When Mona Thomason and her husband, Brian, saw the property along Kellogg Creek in the summer of 2011, they knew it was home for them. Although they had originally been looking for a home with a more iconic view when they moved from Seattle, the creekfront one-acre parcel and 1962 home drew them in. This was Brian’s childhood stomping grounds and near his parents, but it was Mona who relished enhancing the creek.
Mona, an avid gardener, dove right in and removed ivy from the streambank and the trees. That first winter they received a postcard from the Watershed Council about the Streamside Stewards program. Mona responded right away. The Streamside Stewards restoration crew planted 200 shrubs and trees along the creek, and gave Mona another 75 rushes and sedges which she planted herself.

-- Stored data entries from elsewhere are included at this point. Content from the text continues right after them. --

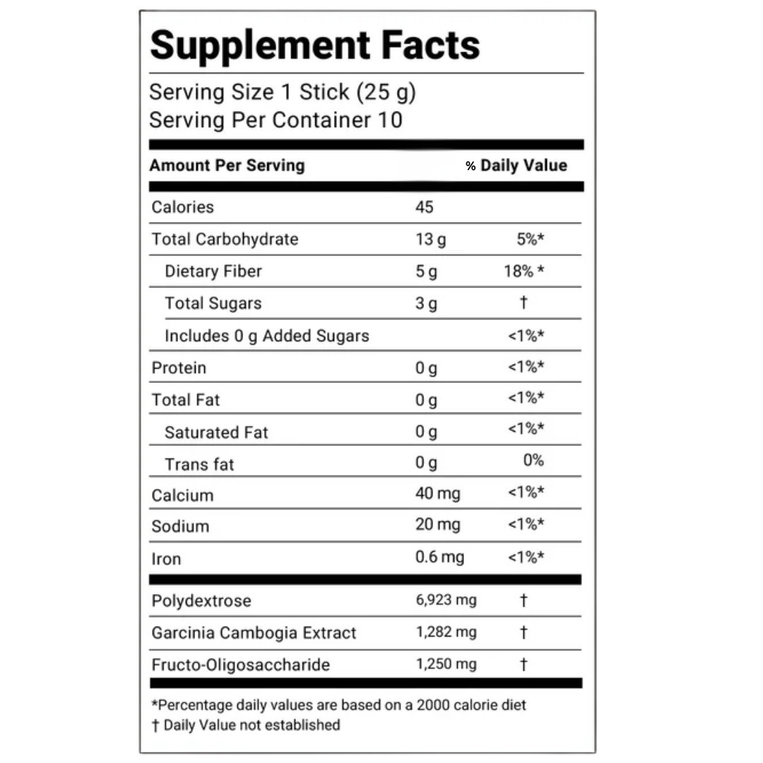 Formulated with Polydextrose, Fructo-Oligosaccharides, and Garcinia Cambogia Extract to support digestion and reduce bloating.Enhanced with Collagen, Hyaluronic Acid, and Chia Seed for inner hydration and glow. ✨
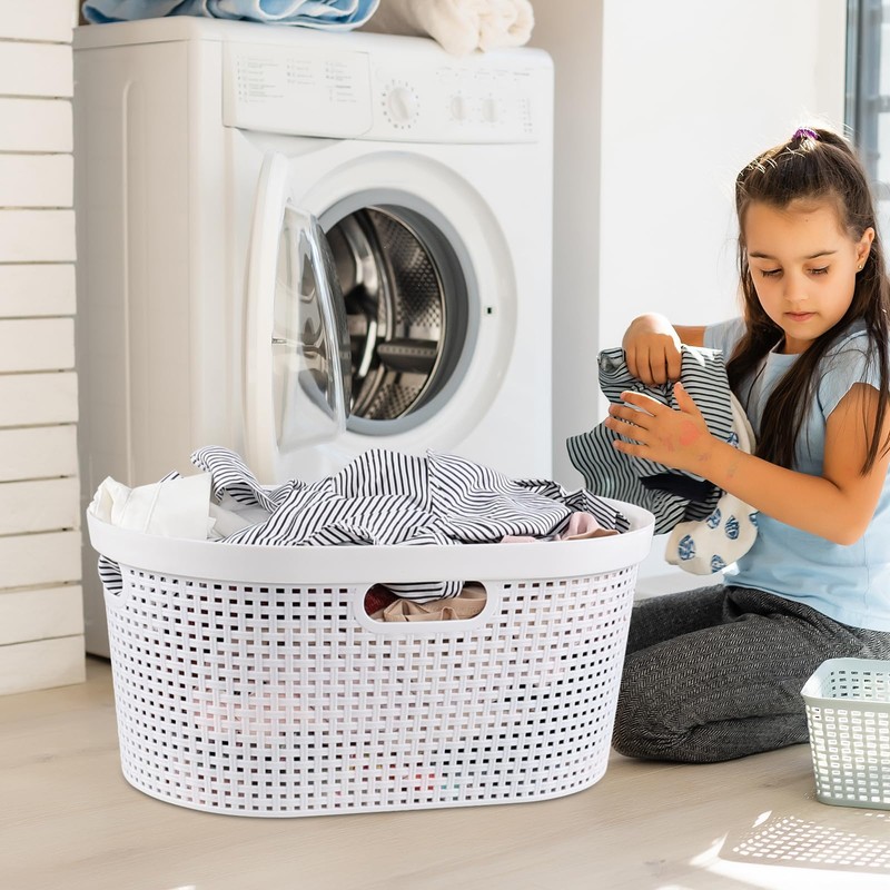 - A large capacity laundry basket can hold a family's clothes and can be nested when not in use to save space
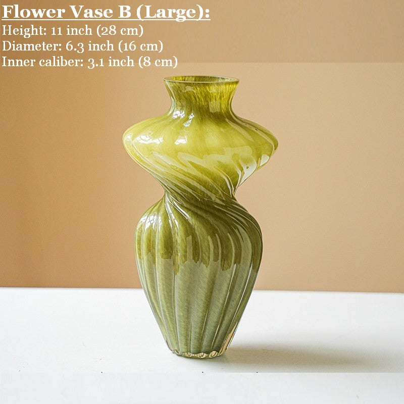 Unique Decorative Glass Vase, Centerpiece Vases on Table, Handmade Contemporary Glass Vases, Modern Green Vases for Living Room, Mid Century Vases for Flowers
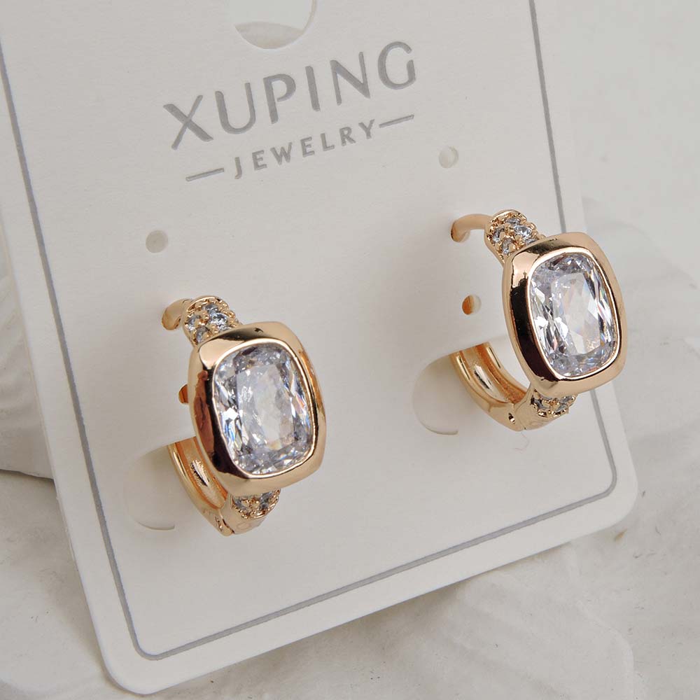 Серьги с замком кольцо с золотым покрытием 18K 1 мкр с цирконами (фианитами)
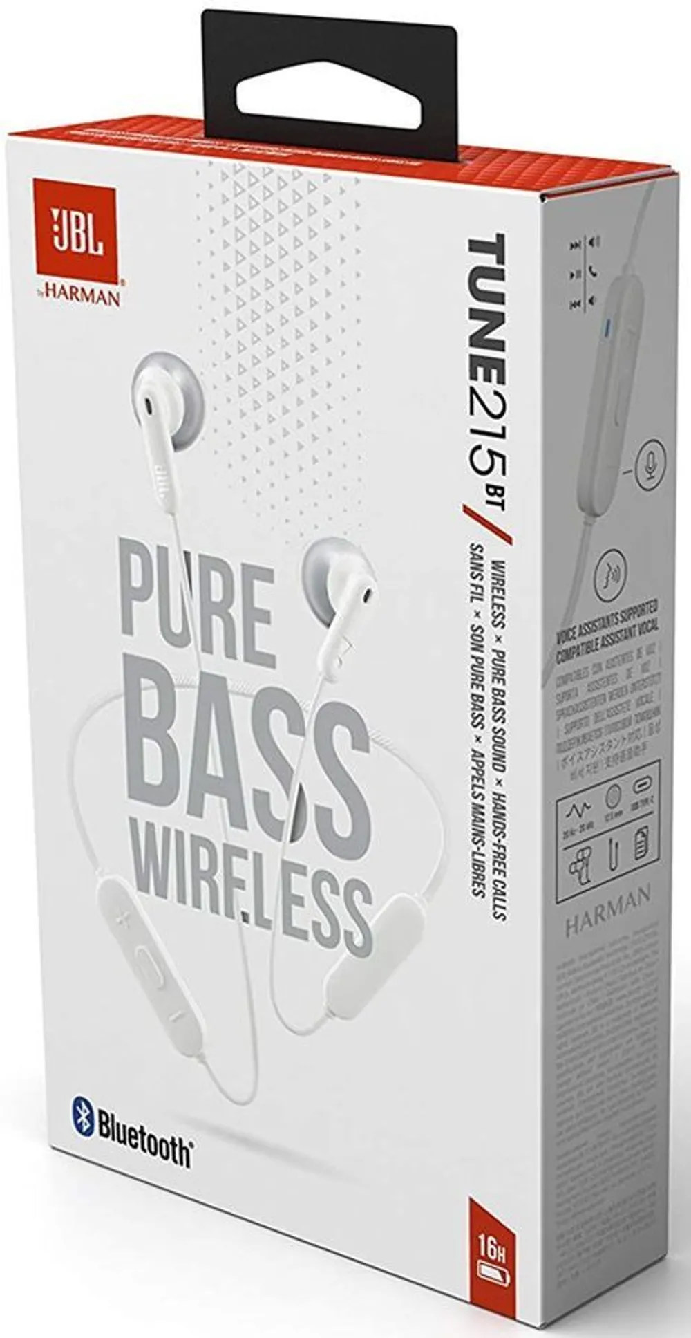 אוזניות אלחוטיות עם כבל מקשר JBl Tune T215BT בצבע לבן

“The crew was super easy to work with, and flexible about placement of trees,” Mona observed, noting that they helped preserve a view to the creek from the home. “They taught me a ton, and I’m now using what I learned in the upland part of my yard as well.”
For five years after the planting, the Streamside Stewards crew did annual check-ins to ensure that invasive blackberry, ivy, and clematis, weren’t returning. But Mona did most of the maintenance work herself. Along the way, she had some large invasive trees removed – three English hawthorne, a Norway maple, and a holly – and planted over 500 more plants, mostly natives. Among those plantings are mixed shrub borders around the home, using native plants like osoberry, twinberry and ninebark.
In 2018, the hard work paid off when her yard was certified as Silver Level Backyard Habitat by Portland Audubon and Columbia Land Trust. “I have seen a definite correlation between the increase in native plants in my yard and the number and variety of birds I see,” Mona observed.
She joined the Council’s Board in 2012, and currently serves on the Executive Committee and as Secretary. “One of my favorite parts of being involved with the Watersheds Council is learning about all the different watersheds and seeing restoration projects move forward”, said Mona.
“We have room on the Board and the committees for several more members, and it’s a great way for people who care about the health of our waterways to get involved,” Mona observed. “We need more representation across our watersheds.”